En effet, les réticences des élus locaux sont de plus en plus grands, et il n'est plus possible de fermer des lignes sans rencontrer de la résistance. La relation Nancy-Château-Salins est choisie pour expérimenter un transfert sur route d'une façon plus pédagogique et sans encombres. Plus qu'un unique aller-retour n'y circule, mais les usagers qui lui restent s'en montrent en partie satisfaits (les autres ayant déjà abandonné le chemin de fer). Il est décidé ainsi de le remplacer par sept aller-retours en autocar s'ajoutant aux deux aller-retours en autocar existants, mais de maintenir le train pendant une période d'essai d'un an, à compter du 23 janvier 1978. Parallèlement, une tarification commune avec le transporteur privé également actif sur la relation doit être développé afin d'éviter à certains usagers de prendre deux abonnements différents. A l'issue de la phase d'essai, le choix entre poursuite de la desserte renforcée par autocar ou retour au statu quo doit être fait. Comme attendu, le trafic global augmente rapidement, et la fréquentation du train baisse, mais il n'est supprimé que le 2 avril 1979 car la ville de Château-Salins craignait que sa suppression engendrait la perte de la desserte marchandises. L'Etat vit ainsi le genre de projet-pilote que ce transfert sur route constituait pour lui comme un échec, réalisant que quelle que soit l'approche choisie, il n'obtiendra jamais le soutien des élus locaux, même en proposant une desserte par autocar répondant mieux aux besoins. D'autre part, les négociations sur la tarification commune n'ont pas abouti non plus, le transporteur (les Rapides de Lorraine) redoutant une tentative de nationalisation rampante.

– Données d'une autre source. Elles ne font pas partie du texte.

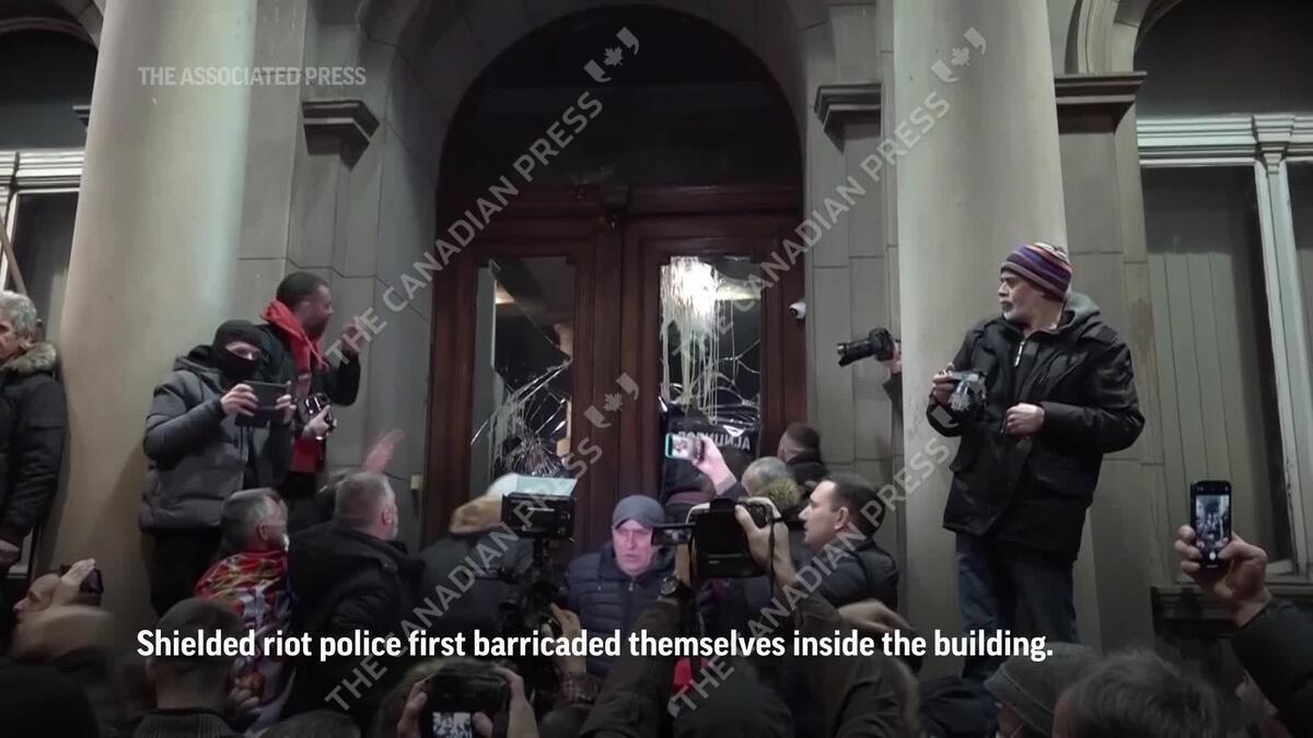 CP169750104 | Election Protesters in Serbia's capital city threaten to storm city hall

En 1978/79, l'Oréam Lorraine avait encore prévu d'aménager les dessertes sur d'autres lignes ferroviaires non retenues par le SRT, à commencer par Epinal-Saint-Dié. Or, autre retombé du dossier dela ligne de Château-Salins, les élus locaux craignent qu'il ne s'agisse que d'une stratégie cachée pour transférer cette ligne sur la route (ce qui en l'occurrence n'est pas le cas) et montrent une vive opposition. De ce fait, aucun projet d'amélioration de dessertes ferroviaires régionales ne voit plus le jour en Lorraine jusqu'au lancement du TER Lorraine. Cependant, avec le changement de politique sous la présidence de François Mitterrand, la SNCF est désormais encouragée d'augmenter l'offre omnibus de sa propre initiative, ce qu'elle fait à chaque changement d'horaire d'été 1981 jusqu'à l'hiver 1983/84. Le gouvernement encourage également l'ensemble des régions à conclure des conventions avec la SNCF, ce que la Lorraine fait la dernière en mai 1989 seulement. Les conventions existantes pour Métrolor et Metrovosges sont intégrées. A ce titre, il n'est pas inintéressant de constater qu'en dépit de son rôle de précurseur dans la revitalisation des dessertes régionales, le volontarisme de la Région Lorraine a ses limites, puisque dans les années 1980-1984, les économies réalisées par les transferts sur route sont toujours nettement supérieures au budget consacré aux transports, de l'ordre de 10-25% selon les années. La Région investit donc une partie des économies reversées par l'Etat dans des domaines autre que les transports, ce que le décret d'août 1977 n'autorisait pas.